Work required
From the line that contains "Según el último" to the final line below, both included, print each line exactly and skip the pictures.

Input for this task

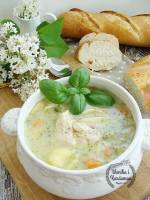 Kremowa zupa brokułowa 206Delikatna w smaku kremowa zupa z brokułami na filecie z kurczaka, zaletą jest łatwość przygotowania idealna propozycja na szybki posiłek, również dla dzieci. Można ją też zmiksować na krem. Składniki: 1 filet z kurczaka 1 świeży brokuł 5-6 ziemniaków 1 duża marchewka ½ szklanki makaronu muszelki 3 łyżki klarowanego masła 1 szklanka mleka ½ łyżeczki cukru do smaku gałka muszkatołowa(...)przygotowania: Ziemniaki i marchewkę obieramy, myjemy, kroimy w kostkę. W garnku rozpuszczamy klarowane masło, dodajemy warzywa i przesmażamy 5 minut, mieszając. Brokuł dzielimy na mniejsze różyczki, dodajemy do podsmażonych warzyw, dodajemy pokrojonego na grubsze kawałki fileta z kurczaka, zalewamy zimną wodą i gotujemy do miękkości. Około 25 minut. Na 10 minut przed końcem gotowania, dodajemy suchy makaron, doprawiamy
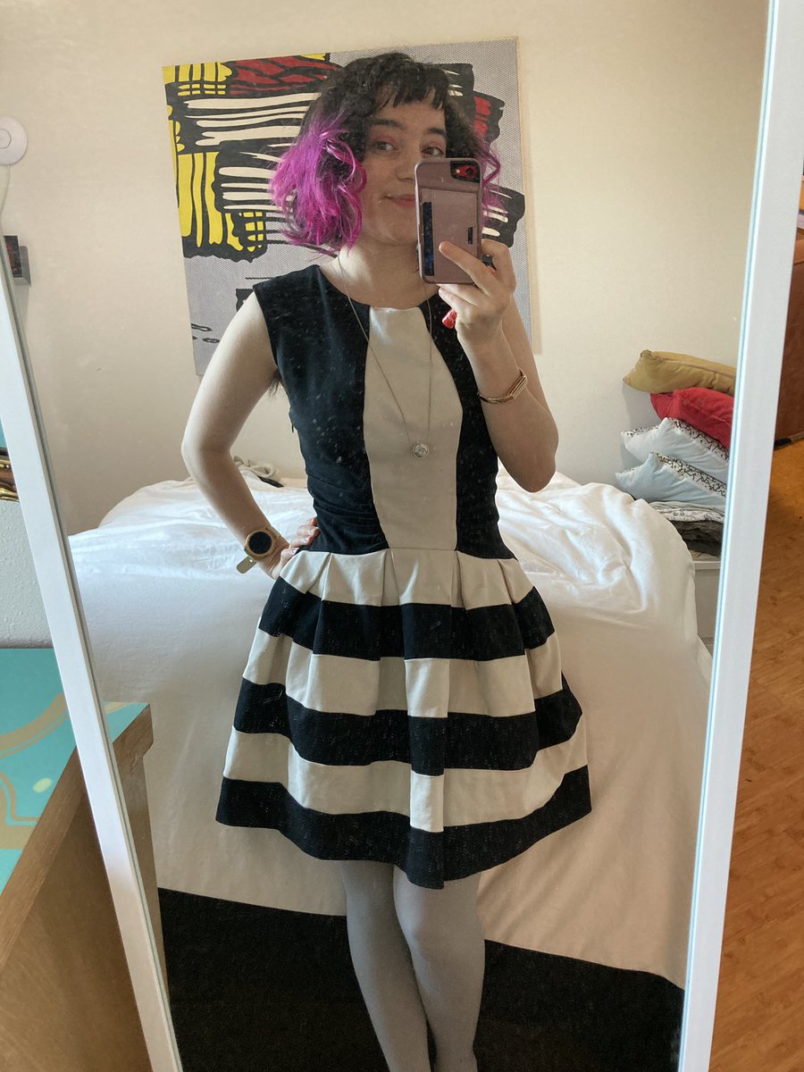 "text": "I have worn this dress \ud83d\udc57 48 times. \nThese tights \ud83e\udde646 times.\nCost per wear (dress): $.61 \nCost per wear (tights): $.23"
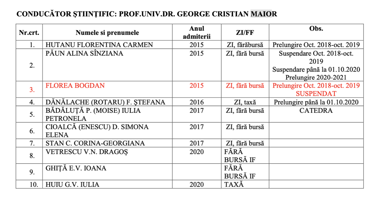 Patru dintre doctoranzii lui Maior, care ar fi trebuit să își finalizeze studiile prin susținerea publică a tezei în 2018 și 2019, figurează în prelungire de școlaritate; unora le-a expirat, însă, și prelungirea.
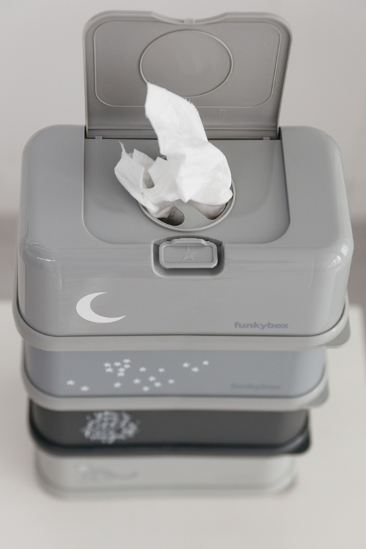 De funkybox is een kunststof boxje waar je vochtige doekjes in bewaart. Het boxje is superhandig in gebruik, gaat makkelijk open en dicht en de doekjes drogen nooit uit.Met de funkybox style je je babykamer tot in details!
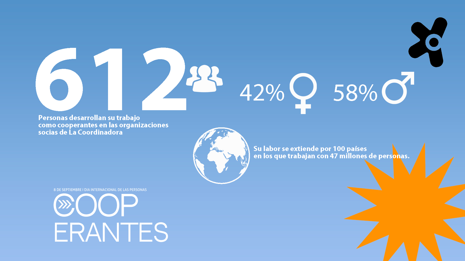 Según el último informe de La Coordinadora de Organizaciones para el Desarrollo, 612 personas (58% hombres, 42% mujeres) desarrollan su trabajo como cooperantes en las organizaciones socias de La Coordinadora.
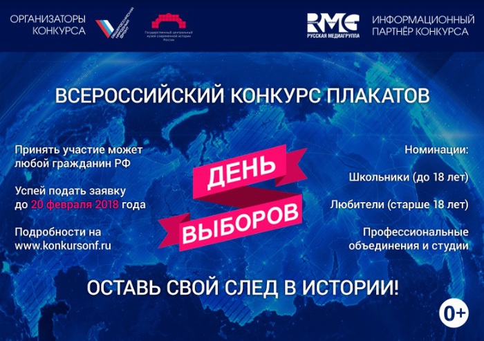 Накануне выборов Президента России Общероссийский народный фронт вместе с Музеем современной истории России запустил конкурс «День выборов» на лучший плакат на тему предстоящих выборов. Принять в нем участие может любой гражданин страны без возрастных ограничений, в том числе школьники. Лучшие работы будут выставлены в Музее современной истории России в Москве, а также получат призы.
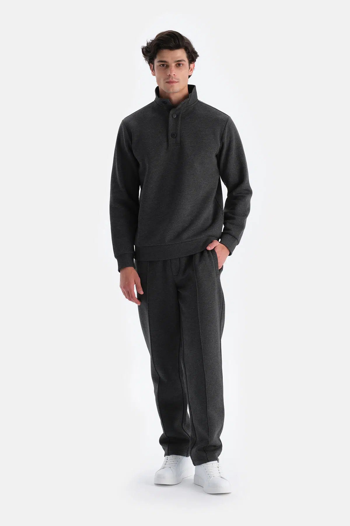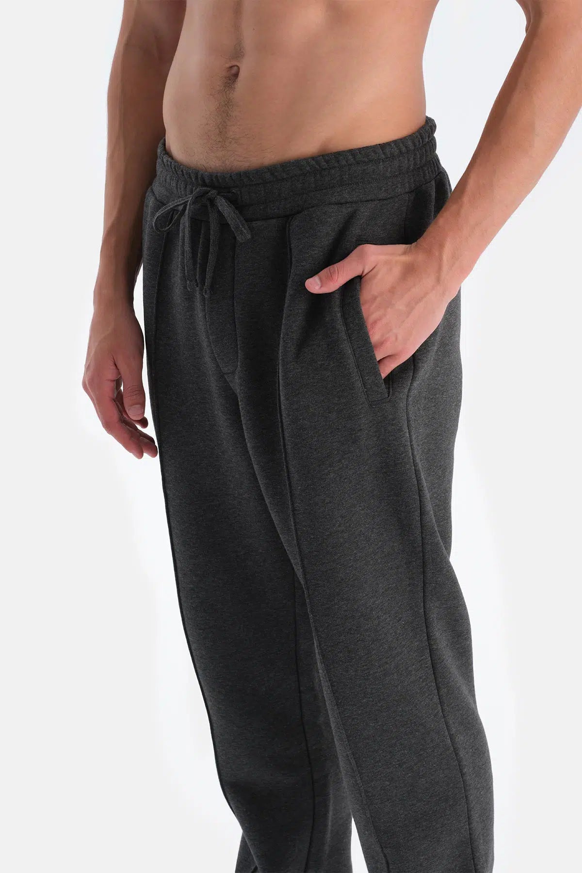 Antrasit Melanj Erkek Nervür Detaylı Içi Şardonlu Eşofman Altı

Task solution
 Según el último informe de La Coordinadora de Organizaciones para el Desarrollo, 612 personas (58% hombres, 42% mujeres) desarrollan su trabajo como cooperantes en las organizaciones socias de La Coordinadora.
 Накануне выборов Президента России Общероссийский народный фронт вместе с Музеем современной истории России запустил конкурс «День выборов» на лучший плакат на тему предстоящих выборов. Принять в нем участие может любой гражданин страны без возрастных ограничений, в том числе школьники. Лучшие работы будут выставлены в Музее современной истории России в Москве, а также получат призы.
 Antrasit Melanj Erkek Nervür Detaylı Içi Şardonlu Eşofman Altı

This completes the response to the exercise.